Similarly, we can use iii as a useful substitute for I or V, as it shares two notes with both of those triads.

Here are both ii and iii in use as substitutes in the hymn tune harmonisation we have used a few times in our study of harmony. Notice how we could easily have used IV instead, but introducing ii moves beyond the primary triads and adds more harmonically interest to the music.

A harmonisation using ii instead of IVA harmonisation using ii instead of IV and iii instead of I

In addition, look at how the alto part is suddenly more interesting - take a look at what it was like when we used only primary triads!

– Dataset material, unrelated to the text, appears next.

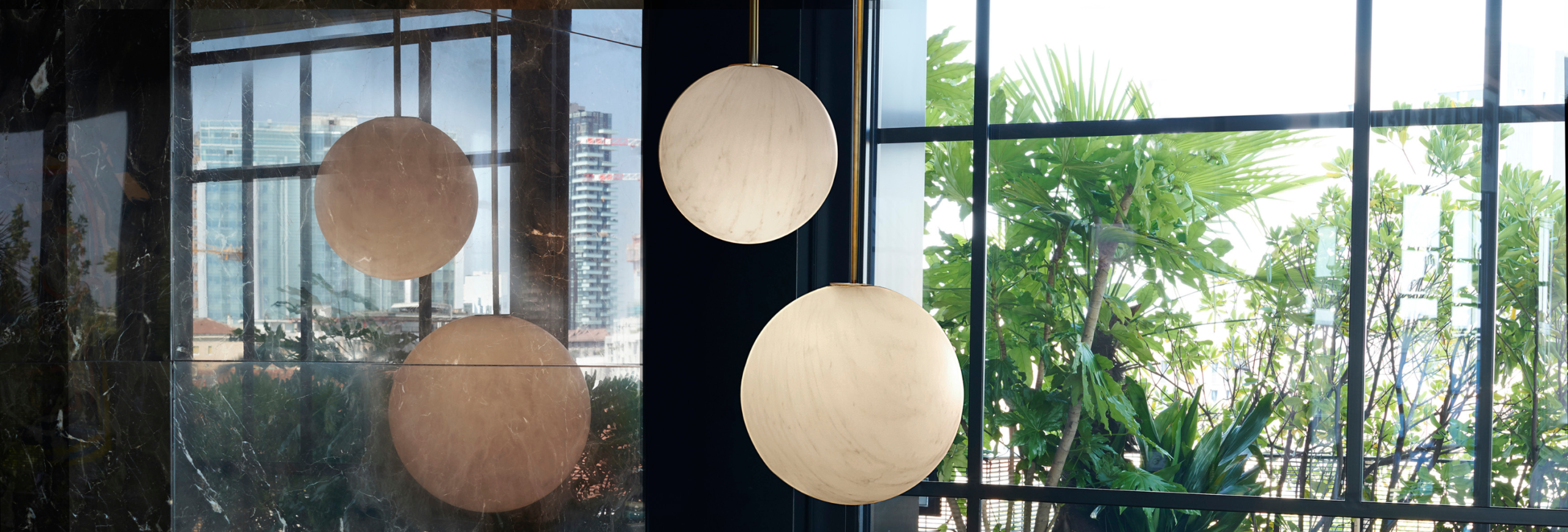 Marble elegance combined with brass finishing creates a Mineral version perfect for indoor spaces.

The diminished triad, by contrast, requires more careful use. It is inherently somewhat unstable, and the 5th usually "resolves" down by a semitone while the root usually resolves up by a semitone, a convention which requires careful thought when used in four-part writing (and is therefore not recommended until you are very confident with four-part harmonisations!)

The diminished triad can, like ii and iii, be used as a substitute, typically for V. The reason becomes clear when you consider that vii° contains the same notes as V7, minus the 5th degree itself.

For instance, in G major (or, indeed, G minor!), vii° consists of F sharp, A, and C; and V7 is the same, plus the note D.

The following example by J.S. Bach shows the use of vii° as a substitute for V, in the unusual time signature of 24/16 (it might help to think of this as similar to 12/8, but with each duration halved!):

Using viio as a substitute for V in J.S. Bach, Prelude in G major from The Well-Tempered ClavierUsing vii° as a substitute for V in J.S. Bach, Prelude in G major from The Well-Tempered Clavier

The note G in the bass in this example is called a pedal note, which is simply a note that is held over several changes in harmony.

At the moment where our vii° substitute occurs, the pedal note is actually dissonant (non-harmonic), and it "resolves" (becomes harmonic again) when the harmony moves to I. Rather, the rest of the music "resolves" around the pedal tone. This interesting technique is frequently found in the music of J.S. Bach!